Exercise requirements: The listing below begins with the first line you should copy; stop after the line containing "آن مبهم است.", and drop every picture.

Exercise data:

=== Begin Enclosure ===

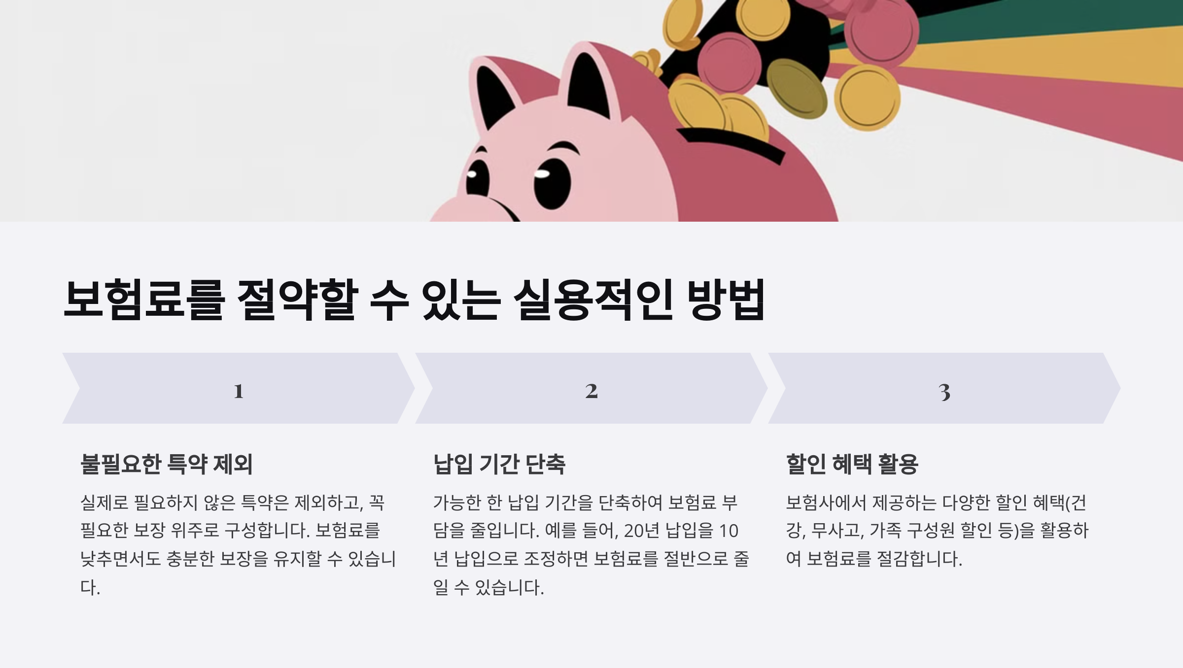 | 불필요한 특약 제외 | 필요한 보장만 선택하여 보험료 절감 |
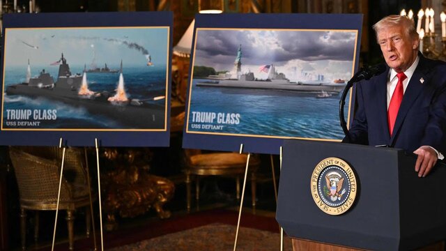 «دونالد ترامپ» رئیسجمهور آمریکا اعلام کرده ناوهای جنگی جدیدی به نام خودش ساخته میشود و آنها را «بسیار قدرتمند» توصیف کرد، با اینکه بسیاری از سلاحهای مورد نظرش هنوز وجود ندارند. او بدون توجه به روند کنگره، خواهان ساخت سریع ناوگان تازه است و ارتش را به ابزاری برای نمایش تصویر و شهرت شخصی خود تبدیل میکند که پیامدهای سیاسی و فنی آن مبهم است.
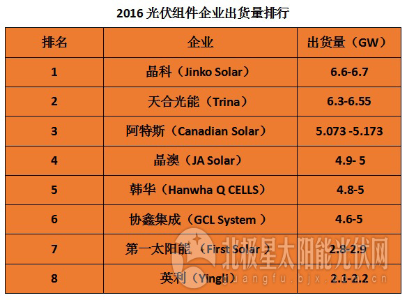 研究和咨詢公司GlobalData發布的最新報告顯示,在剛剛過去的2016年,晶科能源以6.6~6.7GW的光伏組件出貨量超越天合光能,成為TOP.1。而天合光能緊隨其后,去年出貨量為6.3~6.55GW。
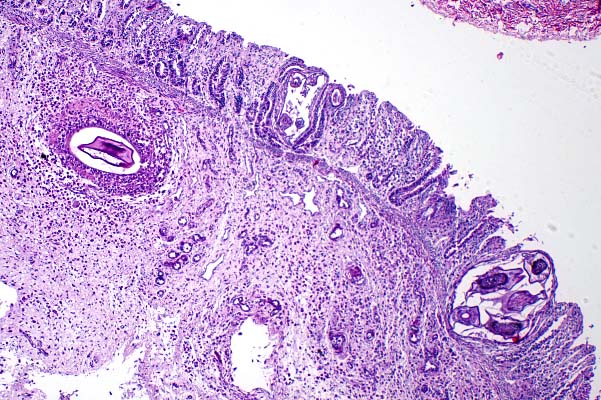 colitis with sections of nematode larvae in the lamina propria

=== End Enclosure ===

Your response:
 | 불필요한 특약 제외 | 필요한 보장만 선택하여 보험료 절감 |
 «دونالد ترامپ» رئیسجمهور آمریکا اعلام کرده ناوهای جنگی جدیدی به نام خودش ساخته میشود و آنها را «بسیار قدرتمند» توصیف کرد، با اینکه بسیاری از سلاحهای مورد نظرش هنوز وجود ندارند. او بدون توجه به روند کنگره، خواهان ساخت سریع ناوگان تازه است و ارتش را به ابزاری برای نمایش تصویر و شهرت شخصی خود تبدیل میکند که پیامدهای سیاسی و فنی آن مبهم است.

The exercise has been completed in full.